我們使用TeeFilter來攔截所有匹配正規表示式“/ *”的請求，以複製請求和響應有效負載，以供我們記錄。
requestLog.setResource("/logback-access.xml")

Logback-access使用它自己的配置檔案，它是可配置的（預設路徑是{jetty.home} /etc/logback-access.xml）。應該是這樣的：

<configuration>
    <appender name="FLUENCY" class="ch.qos.logback.more.appenders.FluencyLogbackAppender">
        <!-- Tag for Fluentd.

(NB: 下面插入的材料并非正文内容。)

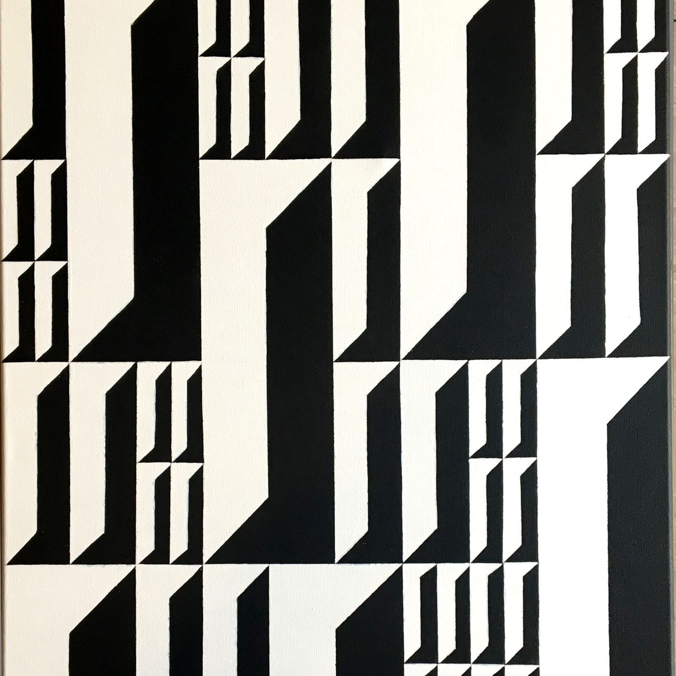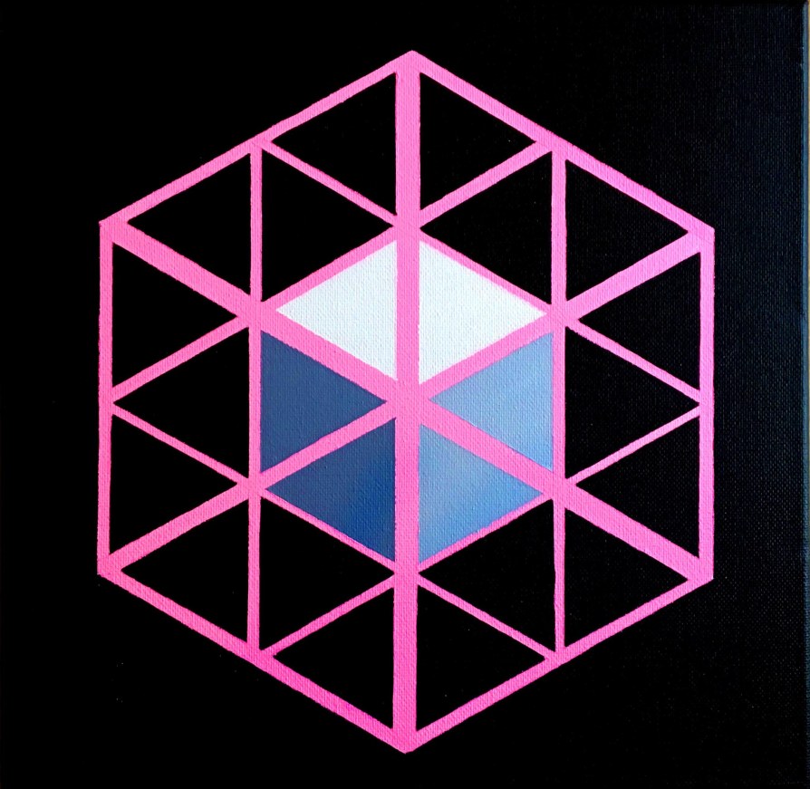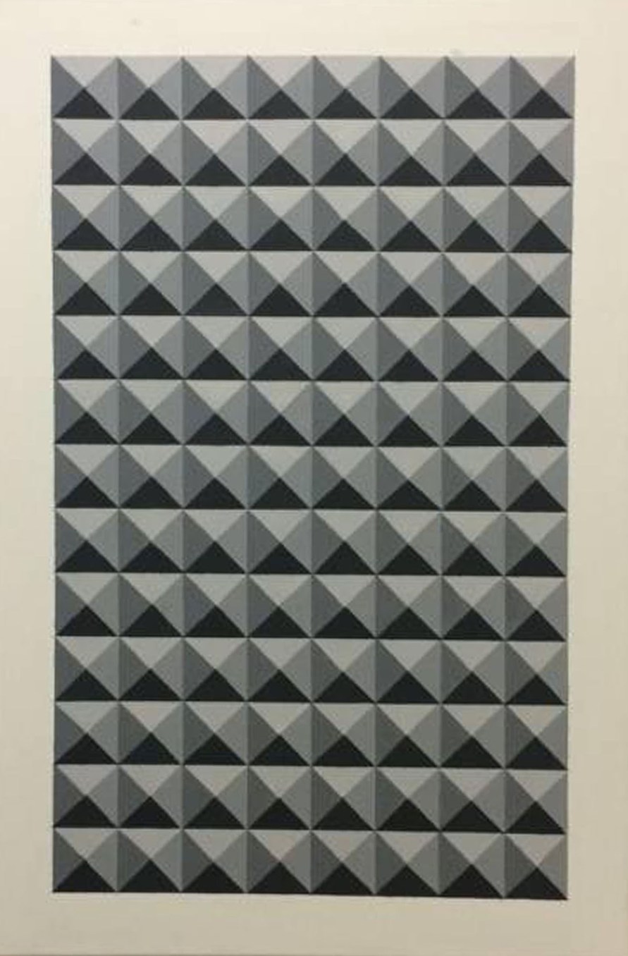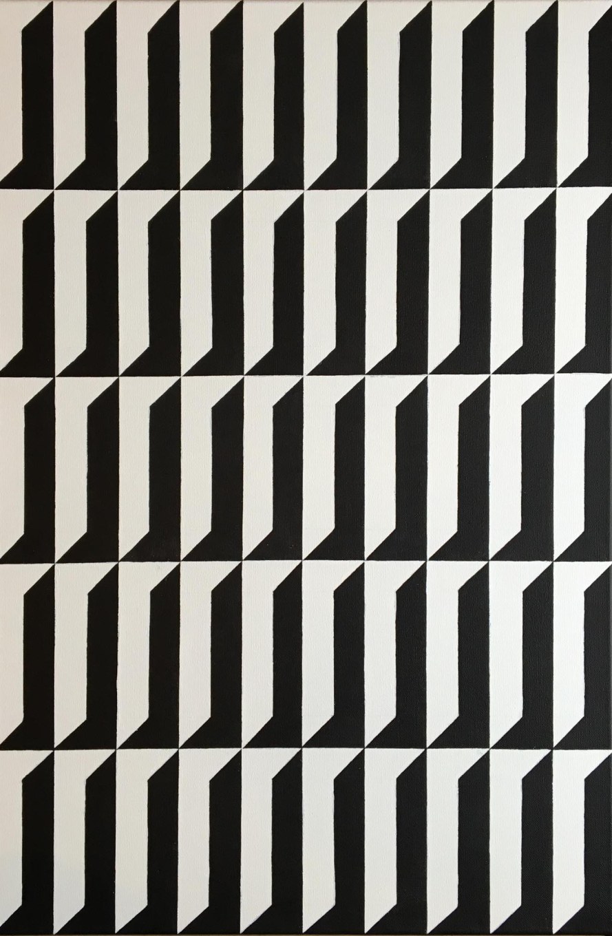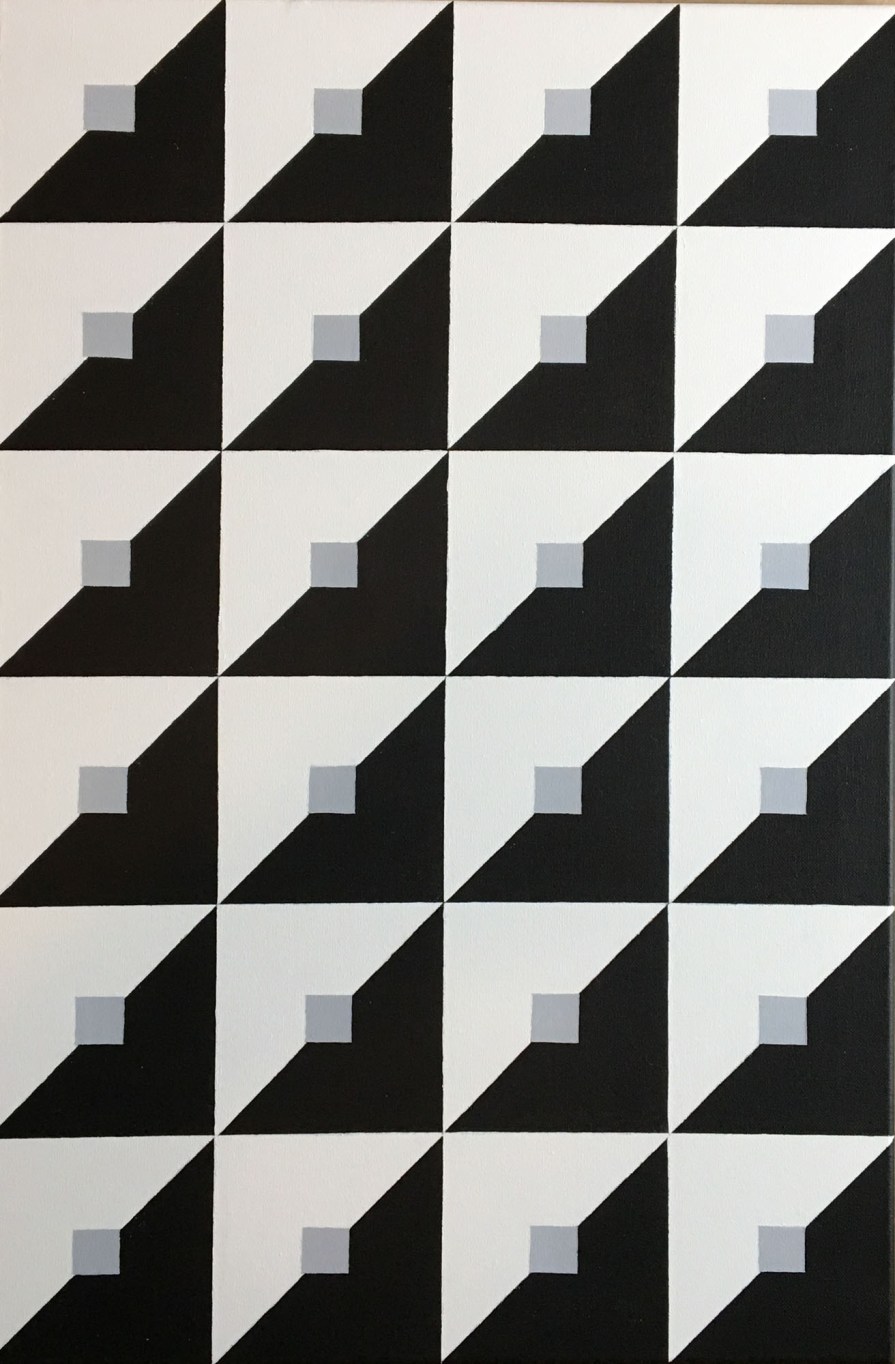 Hampshire, UK-based artist and designer Dominic Joyce creates paintings and prints that play with the viewer’s sense of depth and light using a limited number of colours, mostly white, grey and black. Occasionally, pinks and blues. Blocks, squares and trapeziums appear again and again, generating a sense of strict order and consistency.

Farther information: http://docs.fluentd.org/articles/config-file -->
        <tag>accesslog</tag>
        <!-- Host name/address and port number which Flentd placed -->
        <remoteHost>localhost</remoteHost>
        <port>20001</port>

        <!-- [Optional] Configurations to customize Fluency's behavior: https://github.com/komamitsu/fluencyusage  -->
        <ackResponseMode>false</ackResponseMode>
        <fileBackupDir>/tmp</fileBackupDir>
        <!-- Initial chunk buffer size is 1MB (by default)-->
        <bufferChunkInitialSize>2097152</bufferChunkInitialSize>
        <!--Threshold chunk buffer size to flush is 4MB (by default)-->
        <bufferChunkRetentionSize>16777216</bufferChunkRetentionSize>
        <!-- Max total buffer size is 512MB (by default)-->
        <maxBufferSize>268435456</maxBufferSize>
        <!-- Max wait until all buffers are flushed is 10 seconds (by default)-->
        <waitUntilBufferFlushed>30</waitUntilBufferFlushed>
        <!-- Max wait until the flusher is terminated is 10 seconds (by default) -->
        <waitUntilFlusherTerminated>40</waitUntilFlusherTerminated>
        <!-- Flush interval is 600ms (by default)-->
        <flushIntervalMillis>200</flushIntervalMillis>
        <!-- Max retry of sending events is 8 (by default) -->
        <senderMaxRetryCount>12</senderMaxRetryCount>
        <!-- [Optional] Enable/Disable use of EventTime to get sub second resolution of log event date-time -->
        <useEventTime>true</useEventTime>

        <encoder>
            <pattern><![CDATA[REQUEST FROM %remoteIP ON %date{yyyy-MM-dd HH:mm:ss,UTC} UTC // %responseHeader{X-UOW} // responseHeader{X-RequestId}    %n
>>>>>>>>>>>>>>>>>>>>>>>>>>>>>>>>>>>>>>>>>>>>>>>>>
%fullRequest
<<<<<<<<<<<<<<<<<<<<<<<<<<<<<<<<<<<<<<<<<<<<<<<<<
%fullResponse
                ]]>
            </pattern>
        </encoder>
    </appender>

    <appender-ref ref="FLUENCY"/>
</configuration>

使用logback-more-appenders的 ch.qos.logback.more.appenders.FluencyLogbackAppender 插入logback-access 和Fluency。

<dependency>
    <groupId>org.komamitsu</groupId>
    <artifactId>fluency</artifactId>
    <version>1.8.1</version>
</dependency>
<dependency>
    <groupId>com.sndyuk</groupId>
    <artifactId>logback-more-appenders</artifactId>
    <version>1.5.0</version>
  </dependency>

Fluency 有很多緩衝風格配置你需要調整，這裡有很好的解釋。對於本文，我們將重點關注tag，remoteHost和port。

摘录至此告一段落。